The MBBS-PhD programme is a significant milestone in medical education in Singapore. In July 2000, the Faculty of Medicine, National University of Singapore launched this programme in collaboration with the Institute of Molecular and Cell Biology, with support from the Economic Development Board, and the Agency for Science, Technology and Research, Singapore. The objectives of the programme are to nurture and develop the talents of the brightest medical students by integrating clinical and basic biomedical research training, as well as to stimulate advanced basic and applied research in areas of growing importance to clinical medicine. The programme also aims to train clinician-scientists who will interface basic biology and clinical practice to solve biomedical problems and spearhead biomedical research initiatives in Singapore. Successful MBBS-PhD graduates can pursue career tracks in clinical research, basic biomedical research or in the biotechnology industry.
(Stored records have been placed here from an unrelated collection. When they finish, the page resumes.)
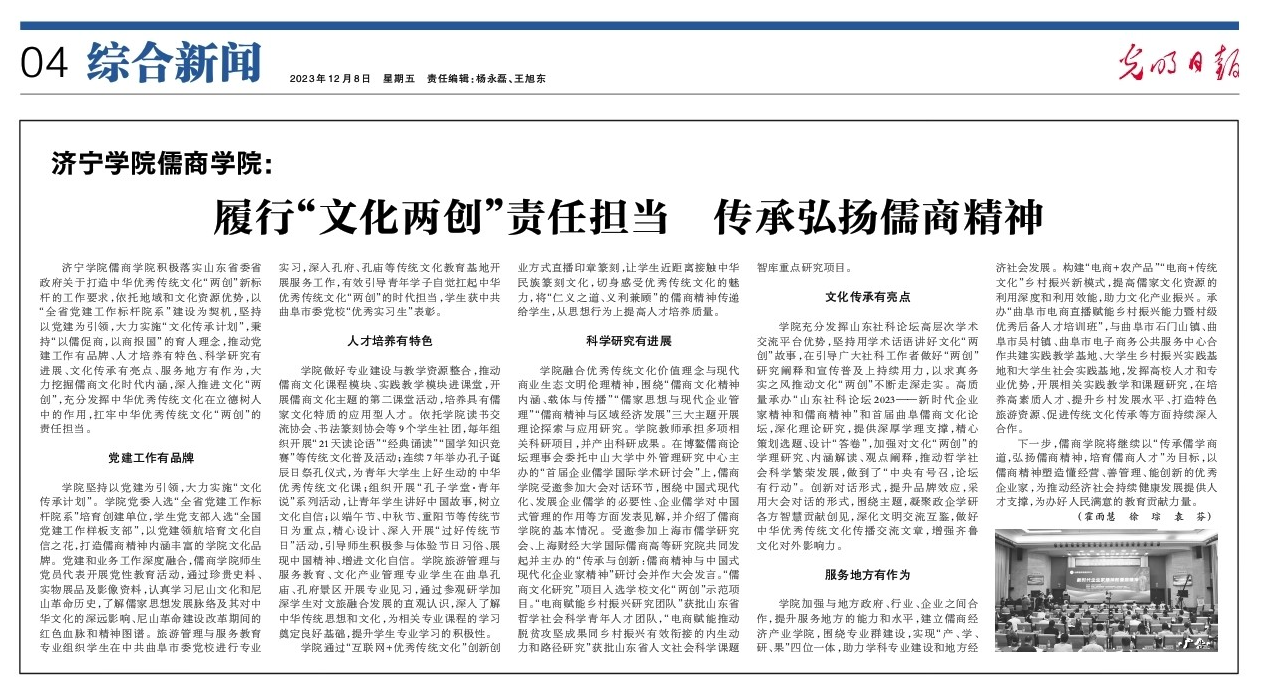 12月8日,《光明日报》刊发文章《济宁学院儒商学院:履行“文化两创”责任担当 传承弘扬儒商精神》。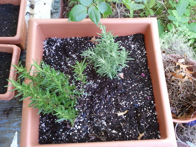 Rosemary. She appears to be growing a pile of firewood, too, though I’ve not seen seeds for it in the store.
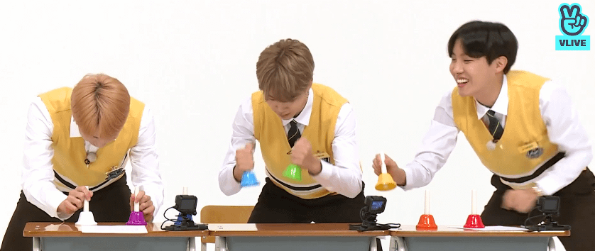 ملخص: تشغيل BTS: تستمر جلسة الجرس: سوف تسمع هذه الأجراس لفترة وجيزة. SUGA يفرض قاعدة الفصل: ليس هناك استسلام! لا يمكنك الهروب إلا بالموت على ما يبدو، وهو ما قد يحدث لهوبي إذا سألت جيمين 😀 اللعبة التالية هي في الواقع وقت الغداء: يلعبون بشكل فردي وإذا خمنوا الطعام الموجود في الصورة – فسيحصلون على هذا الطعام. الفصل الأخير في هذه الحلقة هو PE Relay.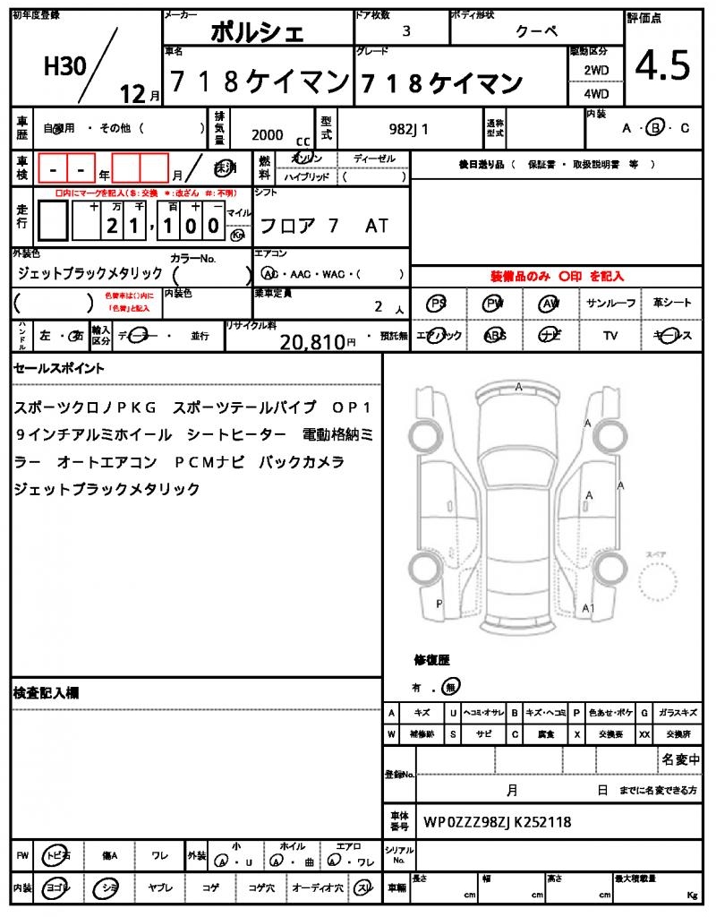 VIN/Serial No. | WP0ZZZ98ZJK252118 |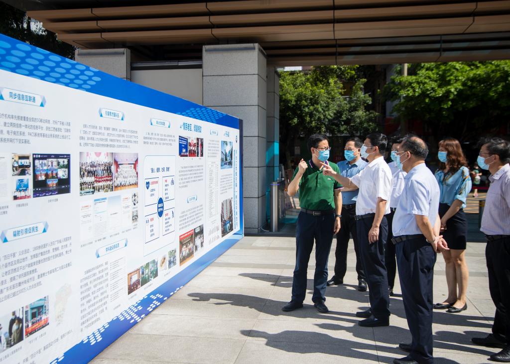 张小康一行首先参观了广东省人民医院赣州医院(赣州市立医院)国家区域医疗中心建设成果展览,听取了医院刘福生关于粤赣两院合作共建历程及成果的简要介绍。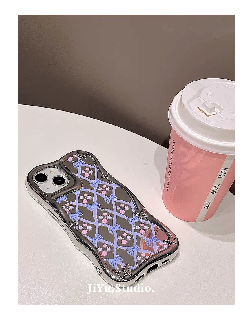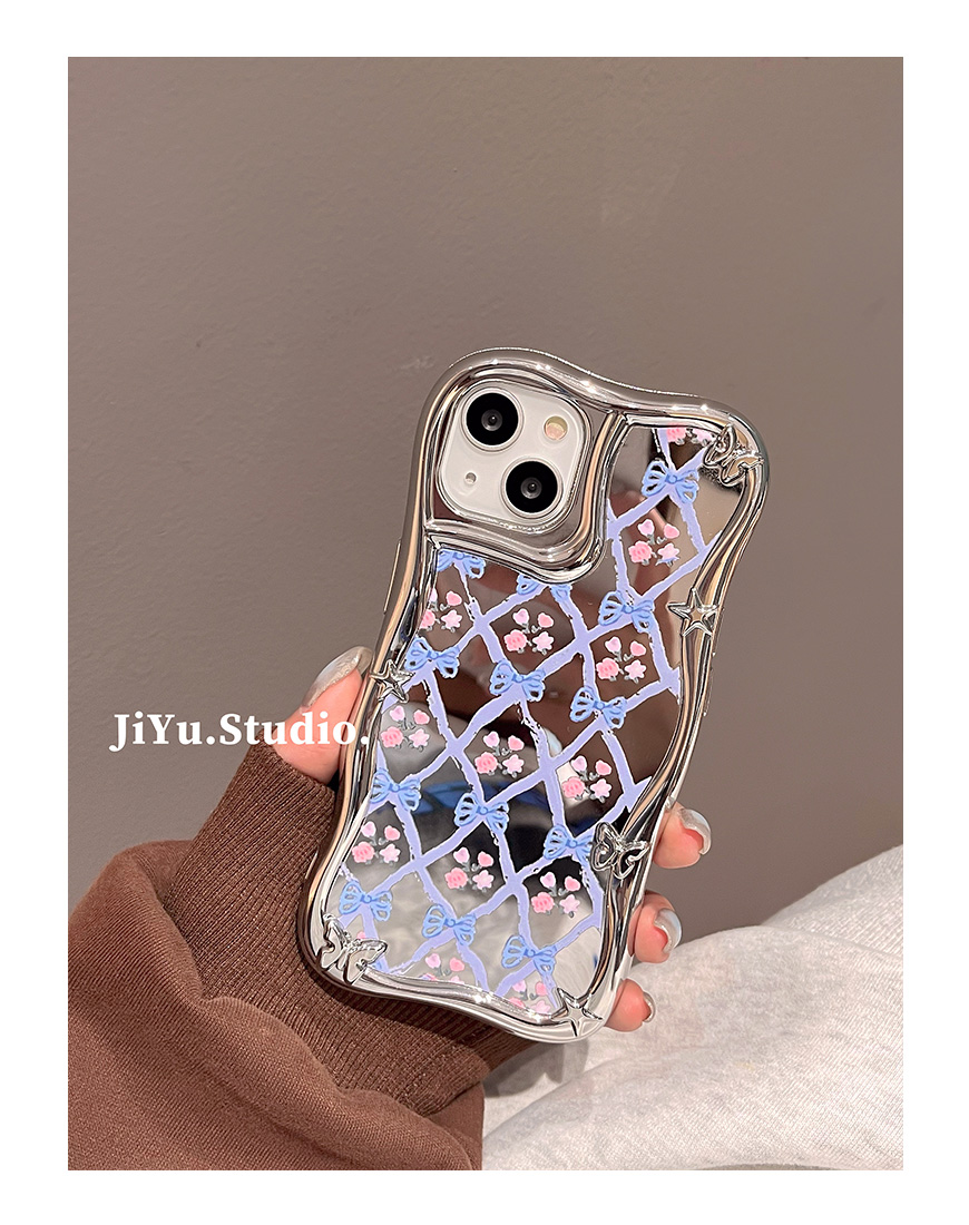 小眾蝴蝶結花朵菱格紋適用蘋果14pro新款iPhone13promax手機殼12pro鏡面個性11女13軟硅膠14pm超火全包保護套
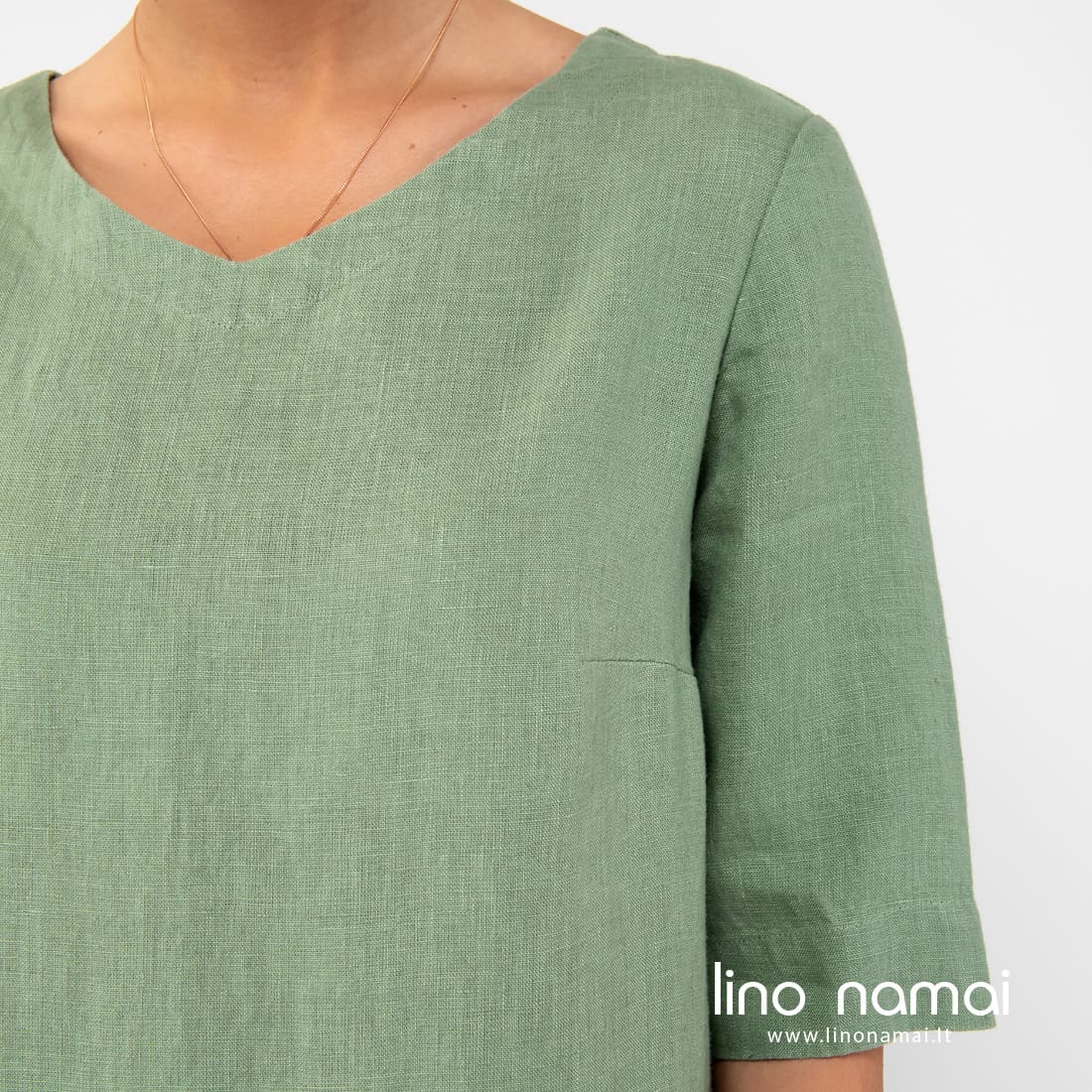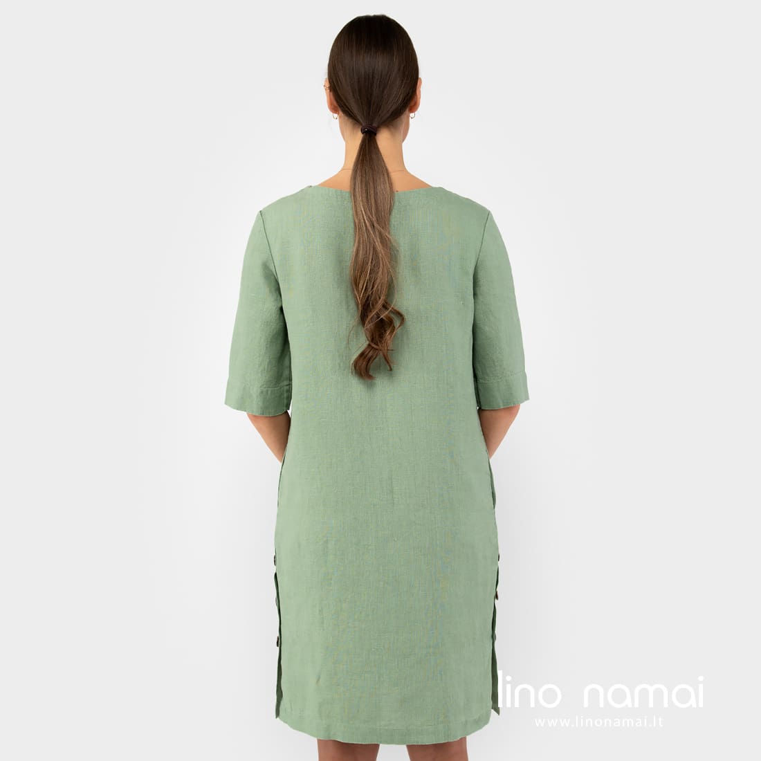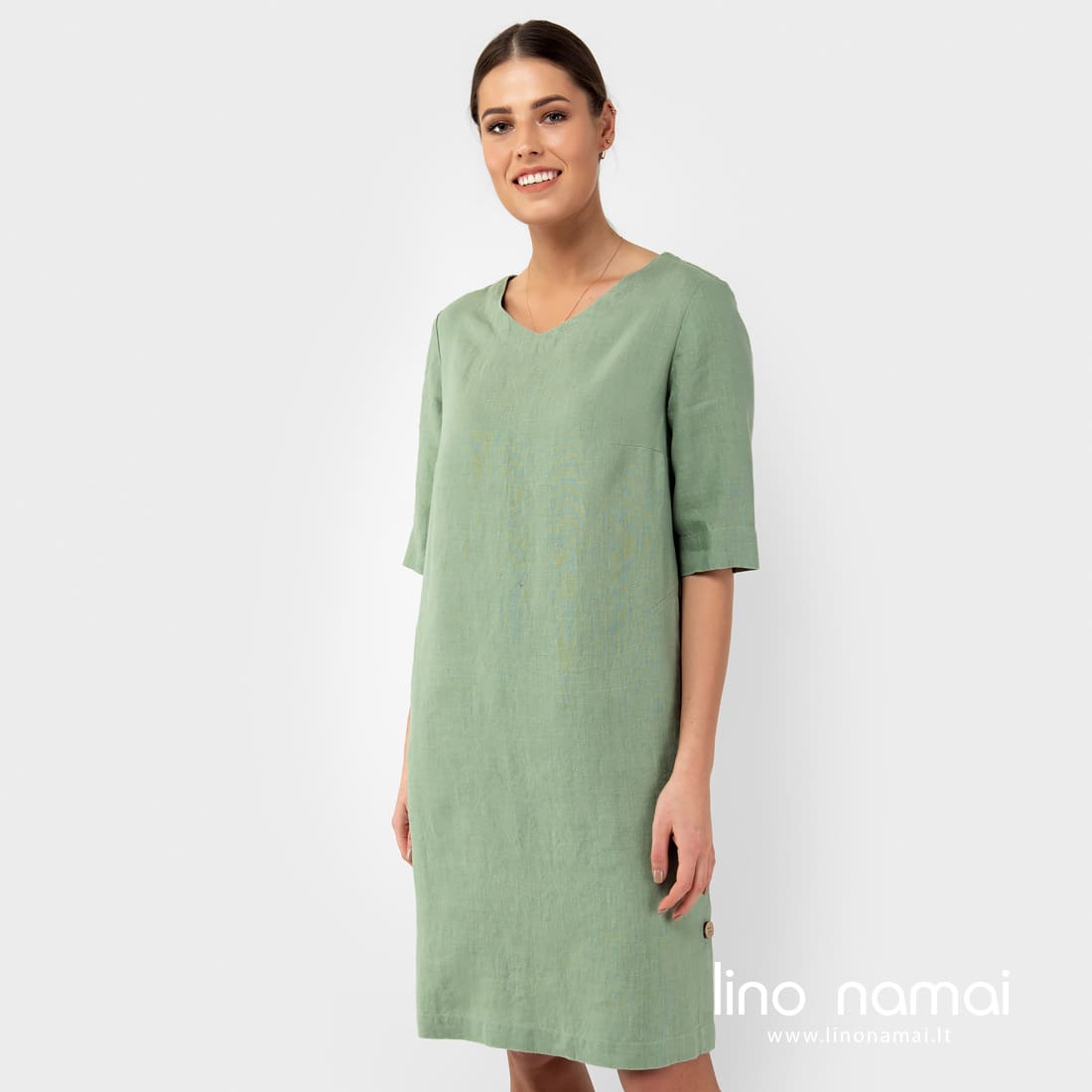 Švelniai žalia lininė suknelė. Subtiliai gaivi drabužio spalva, kelius siekiantis ilgis ir minkštas, švelnus audinys - ši suknelė puikiai tinka karštoms vasaros dienoms.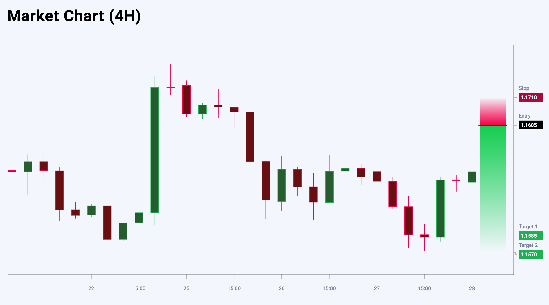 O‘rta muddatli EURUSD prognozi bearishligicha qolmoqda. Narx harakati potensial tepa shakllantirmoqda, qisqa muddatli qaytish ham mumkin. Asosiy strategiya – ko‘tarilishlarda sotish, asosiy qarshilik darajasi 1.1685 da. Bugungi EURUSD savdo g‘oyasi Sell Limit kutilayotgan buyurtmasini joylashtirishni tavsiya qiladi.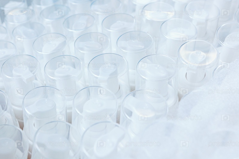 Большое количество белых пластиковых бутылок для косметики без ярлыков. Производство косметики. Вид сверху. Выборочная фокусировка

The MBBS-PhD programme is a significant milestone in medical education in Singapore. In July 2000, the Faculty of Medicine, National University of Singapore (NUS) launched this programme in collaboration with the Institute of Molecular and Cell Biology (IMCB), with support from the Economic Development Board (EDB), and the Agency for Science, Technology and Research (A*STAR). The major impetus for initiating the programme is the recognition that clinician-scientists have important roles to play in biomedical research and training. Clinician-scientists have unique and integrated perspectives arising from their dual understanding of disease processes and basic biology. These perspectives are critical in directing translational research and teaching activities in the investigation and solution of biomedical problems in Singapore as it aspires to be a world-class hub for biomedical research and healthcare. In view of the nature of their work and training, clinician-scientists have better access to both clinical and basic science research materials, and to collaborative networks.